LAN inet  192.168.1.59 and broadcast 192.168.1.255

but one strange thing i can ping google and netconnection is available inside the vm but vm to host ping is still problem.

After that i tried to down the lan and ping the host,then its succesfull,how is this happened?
please help if you get maximum information.

Thanks
Reneed</up,broadcast,running,multicast></up,broadcast,running,multicast>

KOM

What is your goal here, just to play with pfSense or are you trying to get it configured as your day-to-day firewall?  What mode are your Virtualbox NICs in?  You should have one bridged NIC for WAN and then one or more intnets for LAN.

I have set up test labs for pfSense under a variety of virtualization platforms.  For Virtualbox, I create a FreeBSD VM with one bridged NIC and one internet network (intnet1).  If you also want a DMZ, create another NIC on intnet2.  Then you create a lightweight client VM, like Lubuntu, and put its NIC on the same internal network as your pfSense LAN.  Then use the VM client to access pfSense WebGUI.  It just works.  You can even create port-forwards and host virtual servers in your DMZ that you can directly access from your desktop PC.

ditrone

@KOM:

What is your goal here, just to play with pfSense or are you trying to get it configured as your day-to-day firewall?  What mode are your Virtualbox NICs in?  You should have one bridged NIC for WAN and then one or more intnets for LAN.

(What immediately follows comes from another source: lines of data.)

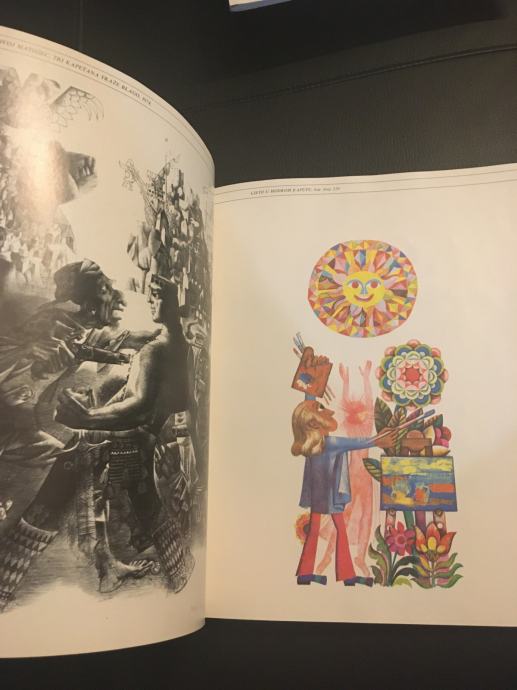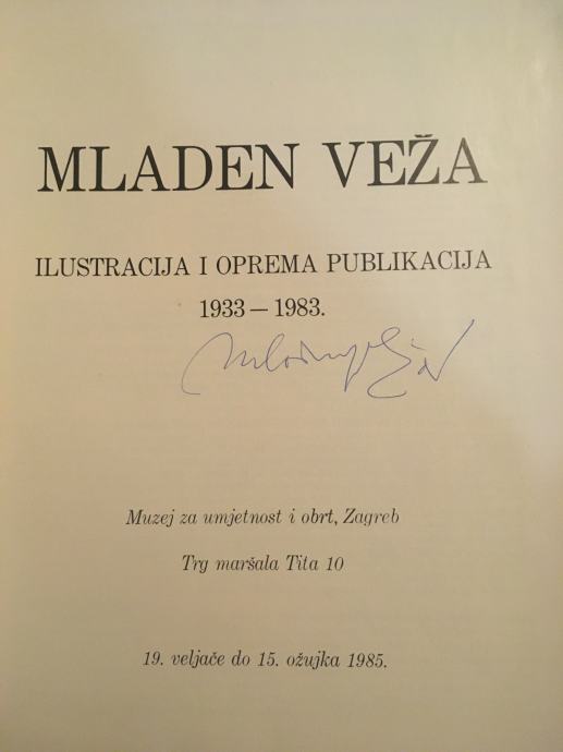 Potpisani katalog izložbe iz 1985.g. čuvenog hrvatskog akademskog slikara Mladena Veže. Izložba održana u MUO Zagreb, naziv "Ilustracija i oprema publikacija 1933-1983", dimenzije 30x24cm, 48 str.
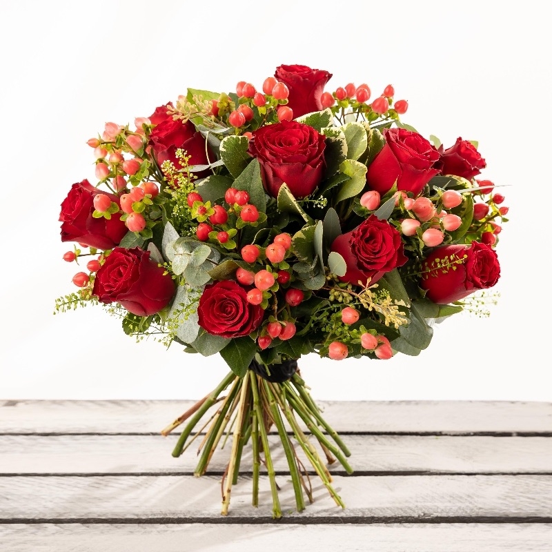 What's your Christmas Wish this year? This exquisite bouquet is the opulent floral gift to send. Designed by our expert florists, we use luxurious red roses, hypericum berries, and seasonal greenery such as eucalyptus to create a beautiful hand-tied. A dramatic statement to tell someone 'I Love You' this Christmas.
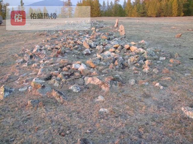 发现的石堆墓有的很大,封堆用石块堆积而成,很难想象当时没有发达运输工具的情况下,如何从山上运来这些石头,封堆堆积得很大,最大的直径可到100米,小的有6米。可能经过多次的祭祀形成的,也可能是许多人齐心协力一次堆积而成。

I have set up test labs for pfSense under a variety of virtualization platforms.  For Virtualbox, I create a FreeBSD VM with one bridged NIC and one internet network (intnet1).  If you also want a DMZ, create another NIC on intnet2.  Then you create a lightweight client VM, like Lubuntu, and put its NIC on the same internal network as your pfSense LAN.  Then use the VM client to access pfSense WebGUI.  It just works.  You can even create port-forwards and host virtual servers in your DMZ that you can directly access from your desktop PC.

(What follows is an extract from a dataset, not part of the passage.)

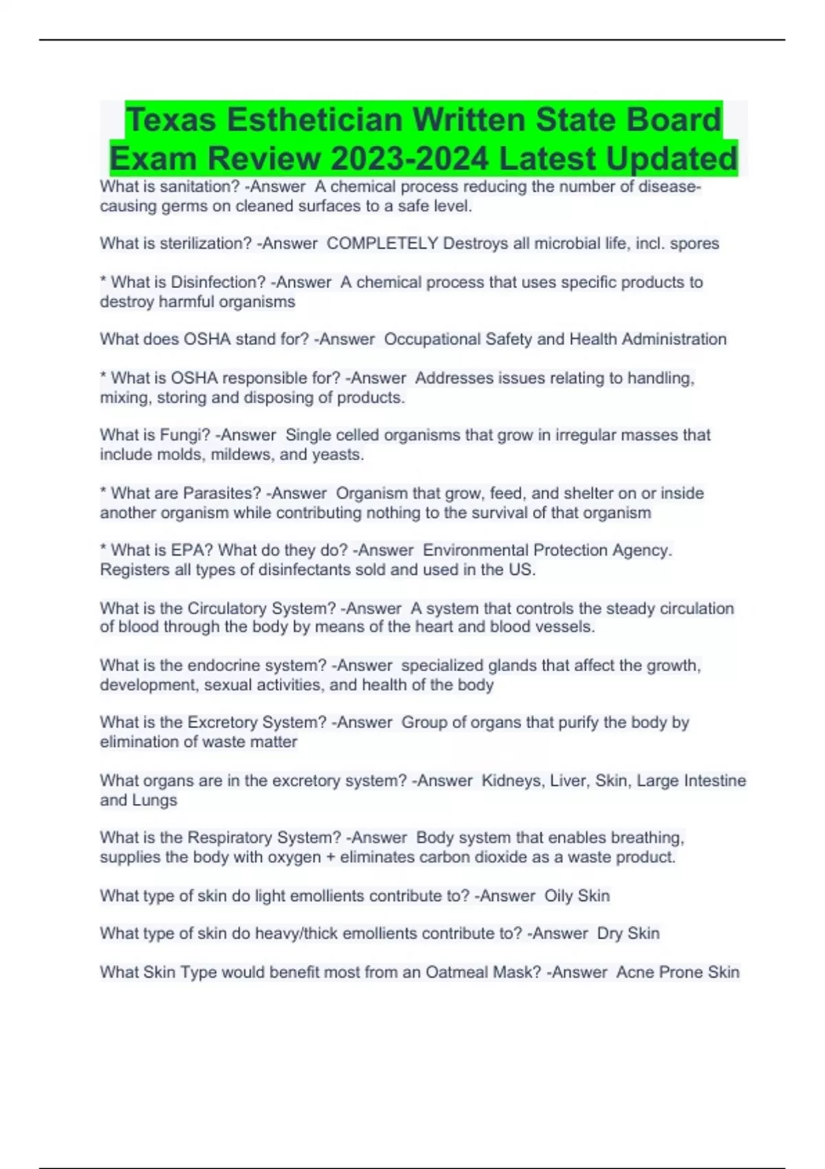 What is sanitation? -Answer A chemical process reducing the number of disease-causing germs on cleaned surfaces to a safe level. What is sterilization? -Answer COMPLETELY Destroys all microbial life, incl. spores * What is Disinfection? -Answer A chemical process that uses specific products to destroy harmful organisms What does OSHA stand for? -Answer Occupational Safety and Health Administration * What is OSHA responsible for? -Answer Addresses issues relating to handling, mixing, storing and disposing of products. What is Fungi? -Answer Single celled organisms that grow in irregular masses that include molds, mildews, and yeasts. * What are Parasites? -Answer Organism that grow, feed, and shelter on or inside another organism while contributing nothing to the survival of that organism * What is EPA? What do they do? -Answer Environmental Protection Agency. Registers all types of disinfectants sold and used in the US. What is the Circulatory System? -Answer A system that controls the steady circulation of blood through the body by means of the heart and blood vessels. What is the endocrine system? -Answer specialized glands that affect the growth, development, sexual activities, and health of the body What is the Excretory System? -Answer Group of organs that purify the body by elimination of waste matter What organs are in the excretory system? -Answer Kidneys, Liver, Skin, Large Intestine and Lungs What is the Respiratory System? -Answer Body system that enables breathing, supplies the body with oxygen + eliminates carbon dioxide as a waste product. What type of skin do light emollients contribute to? -Answer Oily Skin What type of skin do heavy/thick emollients contribute to? -Answer Dry Skin What Skin Type would benefit most from an Oatmeal Mask? -Answer Acne Prone Skin

Awesome, i'm setting up a lab like this today (right now).  I'd like to try to use pfsense/virtualbox in production similarly .  Running two pfsense vm's.  The goal being to firewall between our lans and two seperate groups of internet facing servers and to save our electric bill.  My main concern is the resources VB eats up.  The bridged nic's though, does that create any sort of security concern? I'll run debian on my host machine and i'm afraid  if one pfsense vm gets compromised will the others be vunerable because they are sharing eth hardware.  I can lock down the linux machine and it sits behind a dedicated pf box on it's own dedicated switch but due to inexperience i cannot say for certain my pfsense machines are secure.  1 nic per vm necessary?

KOM

The bridged nic's though, does that create any sort of security concern?

Bridged NIC just means it connects directly to the wire instead of using your system as a NAT.

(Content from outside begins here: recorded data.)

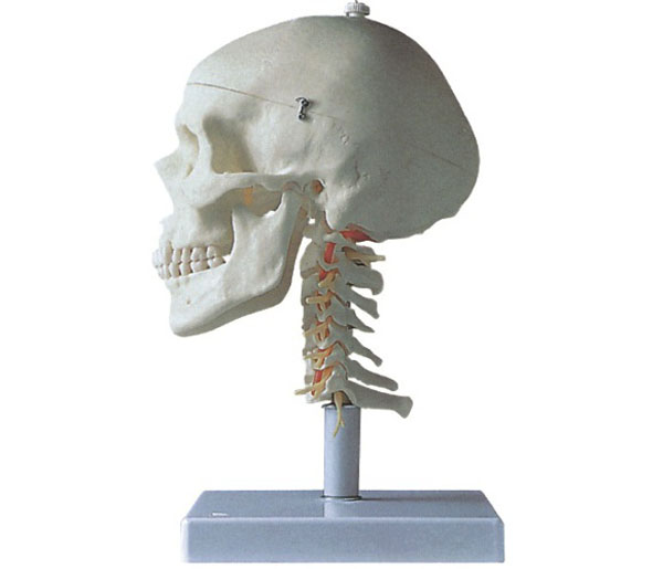 ■ 功能:模型正常人体头颅骨带7节颈椎、椎动脉、脊神经串制而成,颅盖可打开,下颌骨可灵活活动,示颅骨和颈椎的组成和形态结构;
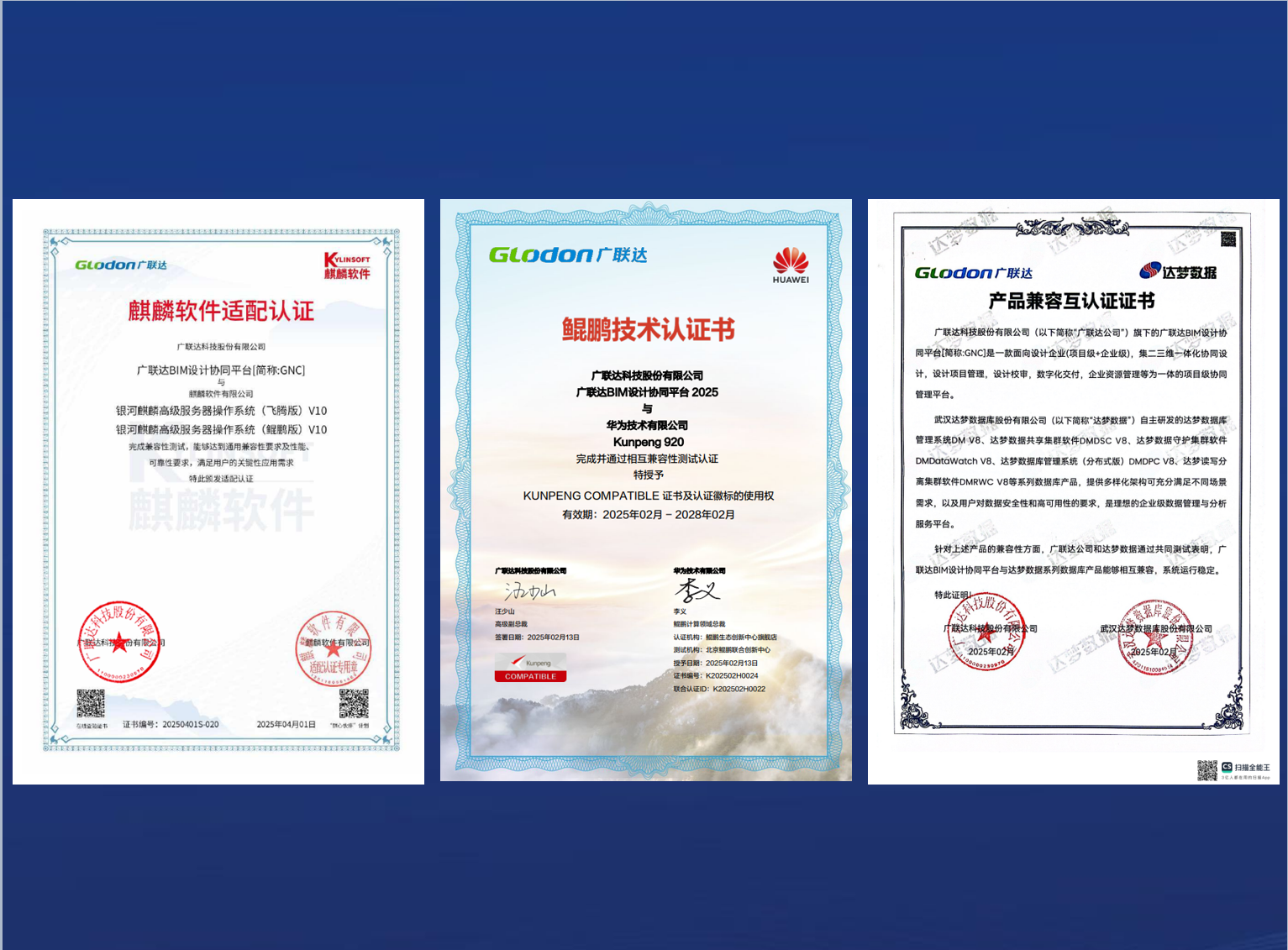 信创支持: 麒麟操作系统,鲲鹏芯片,达梦数据库,全部通过认证
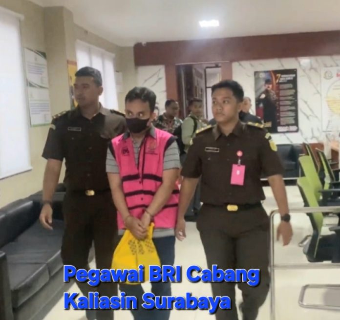 SURABAYA-Kejaksaan Negeri Surabaya Tahan seorang pegawai Bank Rakyat Indonesia (BRI) Cabang Surabaya Kaliasin berinisial WA dalam perkara dugaan korupsi yang ditaksir merugikan keuangan negara sebesar Rp.2,9 miliar.

In today's world of the NSA, FSB and Chinese spies, I can guarantee none of your servers are secure.  I run pfSense as our border firewall/router on VMware ESXi.  While not impossible, it will be quite difficult to hop from one VM to another unless you manage to exploit some really tasty bug.  Bare-metal hypervisors are trimmed down and present a fairly small attack surface.

1 nic per vm necessary?

For what, pfSense?  I would say two at the minimum.  I have seen people talk about single-NIC configs for pfSense but I can't imagine why you would do that.

Supermule

If you run it in a VM, then settle your management network on a seperate physical NIC.

And dont run the latest and greatest. Wait for updates and error reports.